"Licor 43" por Álvaro Alonso
En cada conversación en la que sale el tema del alcohol, la bebida o las fiestas, algún amigo no desaprovecha la ocasión para meterme el zarpazo reglamentario por beber Licor 43. Otros van más allá y me recriminan que mi mezcla para el cubateo sea la Coca Cola y no cacaolat. A partir de esta crítica ya comienzan las difamaciones correspondientes a mí y a mi bebida por excelencia. Que para beber eso tómate un caramelo o un sugus.
Los que no me han visto, no me imaginen como un borrachuzo por escribir sobre alcohol en este blog. De hecho, seré de los que con mi edad menos lo hace. Todo empezó como la mayoría de las cosas de mi vida, en el verano pueblerino reglamentario. Cuando se finiquita el instituto con ese ritual pseudoapostólico llamado selectividad, a los susodichos nos domina una sensación libertaria que adaptado al lenguaje sería algo así como: "hemos venido a jugar, dale". Bien es cierto que posteriormente acecha un velociraptor dispuesto a desmenuzar cada parte de nuestro cuerpo y que responde al nombre de universidad. Pero en esa etapa fronteriza nada importa, no hay nada más allá mientras el raptor esté escondido. Tan sólo importa el desahogo que sigue al hecho de terminar el enésimo round de las palizas educativas.

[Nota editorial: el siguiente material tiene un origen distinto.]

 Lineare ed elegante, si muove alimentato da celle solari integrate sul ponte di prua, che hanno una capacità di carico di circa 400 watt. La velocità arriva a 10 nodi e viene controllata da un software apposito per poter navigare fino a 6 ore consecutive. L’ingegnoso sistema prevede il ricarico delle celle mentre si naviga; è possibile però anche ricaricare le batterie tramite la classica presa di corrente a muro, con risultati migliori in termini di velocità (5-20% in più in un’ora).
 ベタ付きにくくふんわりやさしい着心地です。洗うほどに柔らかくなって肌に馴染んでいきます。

Ese verano lo considero el mejor de mi vida, por todas las circunstancias, conocí a gente fantástica y de mayor importancia que la que hasta ese momento tuve. Esta frontera estudiantil trajo consigo mucho más, entre lo cual fueron las primeras cogorzas.

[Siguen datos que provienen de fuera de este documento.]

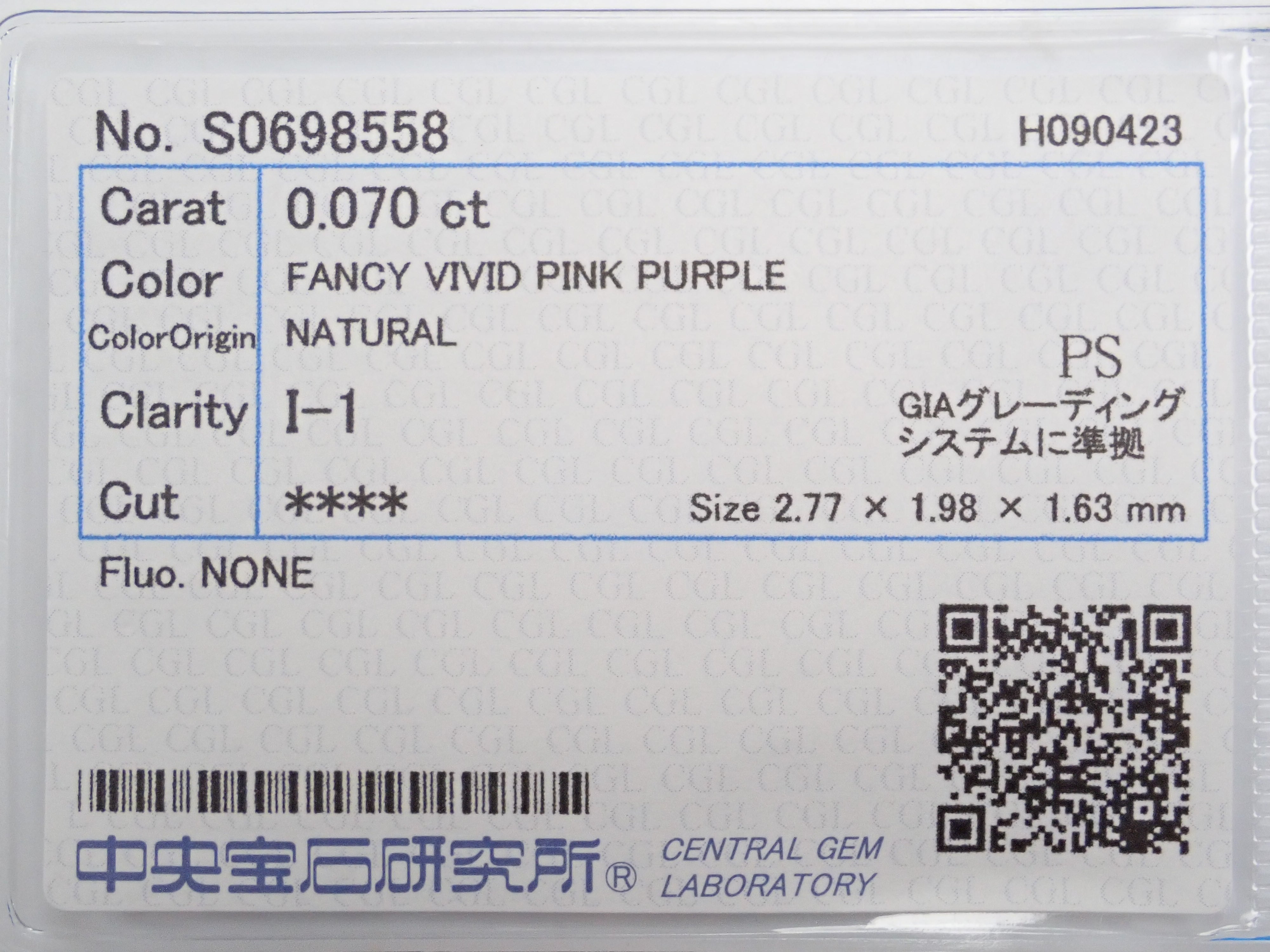 在眾多寶石中,鑽石是最特別的寶石之一。歷史上出現的許多著名的鑽石首飾都為我們帶來了各種各樣的軼事和傳說。事實上,這顆寶石有多種顏色變化,但這顆是一顆特別華麗的粉紅色鑽石。享受美麗的光澤。 FANCY VIVID PINK PURPLE 的紫色鑽石。由於它是 FANCT VIVID,因此您可以用肉眼看到粉紫色。由中央寶石研究所進行分類。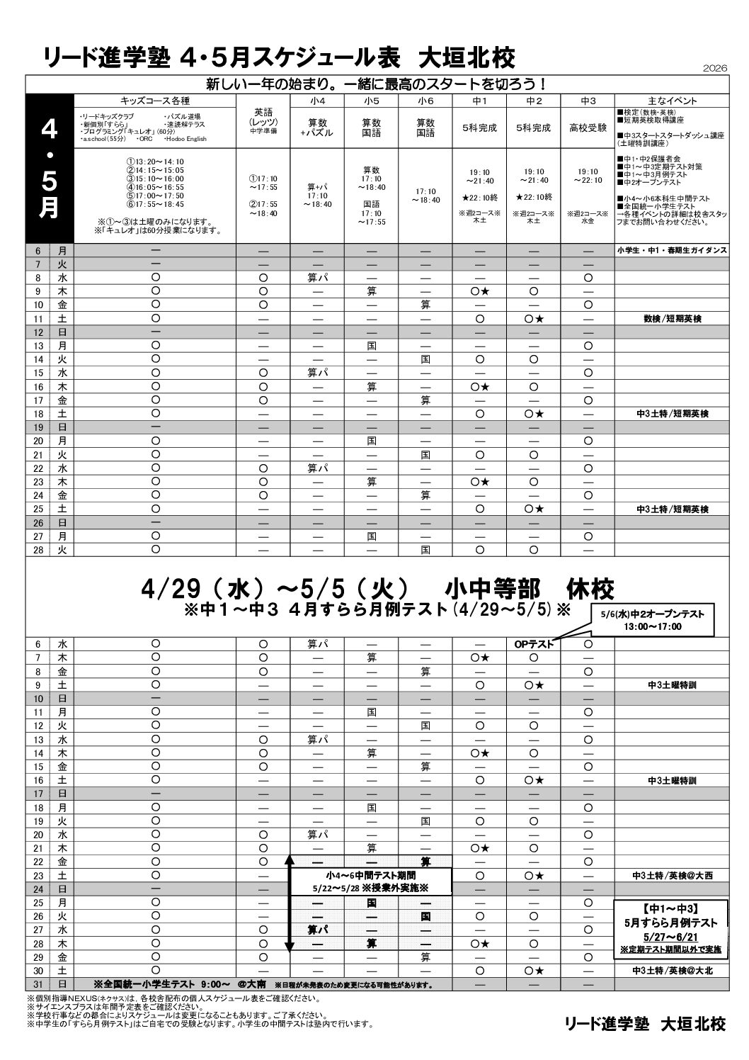 2026 中1・2実力テスト結果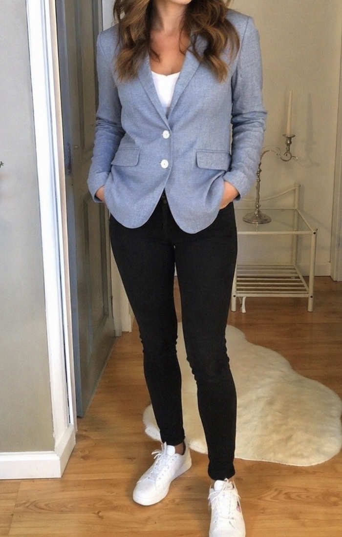 Kvalitné bledomodré sako, zapínanie na gombíky, podšité, super stav.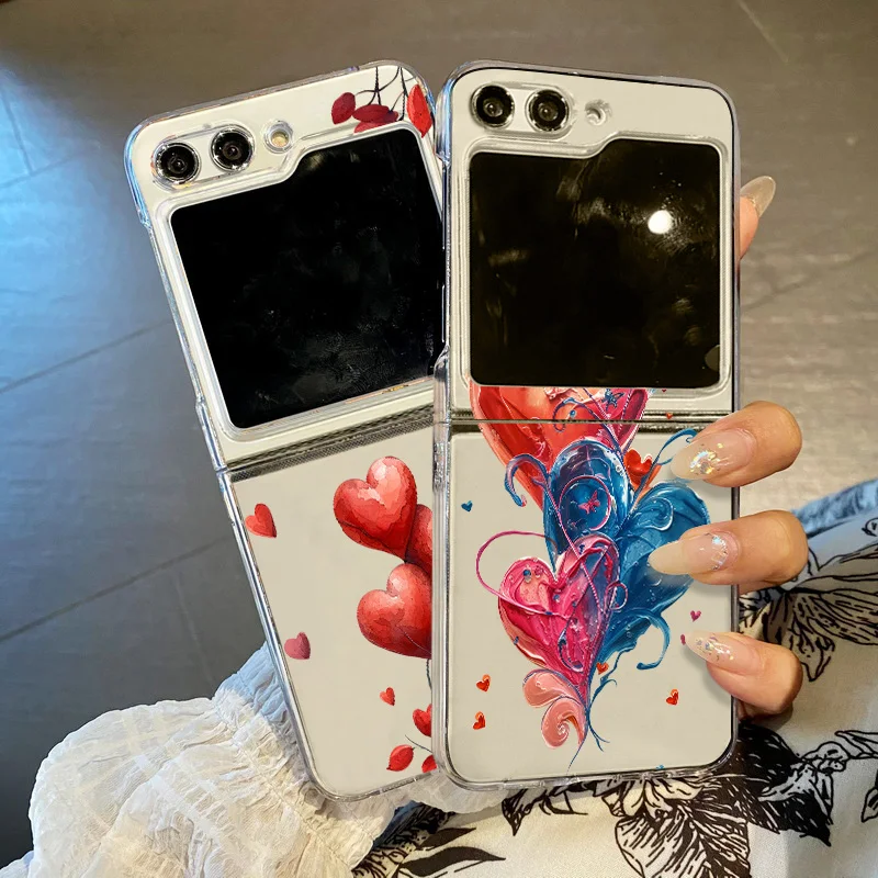 Shockproof Love Heart Printed Folding Case For Samsung Galaxy Z Flip6 Flip5 Flip4 Clear Hard Cover For Samsung Z Flip 6 5 4 3 5G

Decidimos ser sibaritas en un principio, porque no, hemos venido a jugar decíamos, y a probar de todo. He de reconocer que fue una decisión inteligente, porque tras pasar por diferentes bebidas cada fin de semana, tanto en este verano fronterizo como en los siguientes, llegado el momento, cada uno de nosotros sabía cuál era la nuestra. Mis fieles compañeros (un frikazo que vomita vocabulario de rapero diría hermanos) se decidieron por Ronco o cerveza, que sosos, yo me decanté por el licor ibérico más sexy, el 43.
Que es empalagoso, que es demasiado dulce me dicen. Desde cuando esto es una connotación negativa. Por esa regla de tres que erradiquen el turrón o los mazapanes (por el amor de dios no). Yo no salgo para beber ni para pillarme la cogorza más gorda, sino para disfrutar y darle a mi moral ese puntillo bribón que me quite el miedo escénico y me lance a bailar bachata, por ejemplo. Con el 43 se disfruta y que "dulzón" sea un aspecto negativo para algunos, tan sólo delata que son unos condenados agrios. Serán mejor otras que dejan al susodicho como muerto viviente al día siguiente o esas que se podrían usar para curar heridas. Es curioso que una de las personas que más me fustiga por el Licor 43 sea el que me lo presentó. Que es como si el que en su momento logró juntar a dos personas en una pareja, luego se enoje por ello.
He de reconocer, como he dicho, que no es de mis hábitos beber alcohol. En estos últimos dos años en los que ya no se bebía a la vera de la discomóvil, tan sólo me quedaron esas noches de película en las que tras las palomitas cae un copazo, más por lo caballeresco del tintineo de los hielos que por el propio hecho de beber. Qué bonito sería que regresaran esas noches de libertad vital en la plaza del pueblo bajo el cielo estrellado. Esa ansia de que tras tres años de espera volvamos a bailar en las plazas me temo que nos hará asemejarnos a la inconsciencia de La Gran Belleza. Y yo, como no puede ser de otra manera, quiero bailar como Jep Gambardella, pero en vez de con un pitillo, con un cubata de Licor 43. Y no se dice lo suficiente lo que rezamos por ello.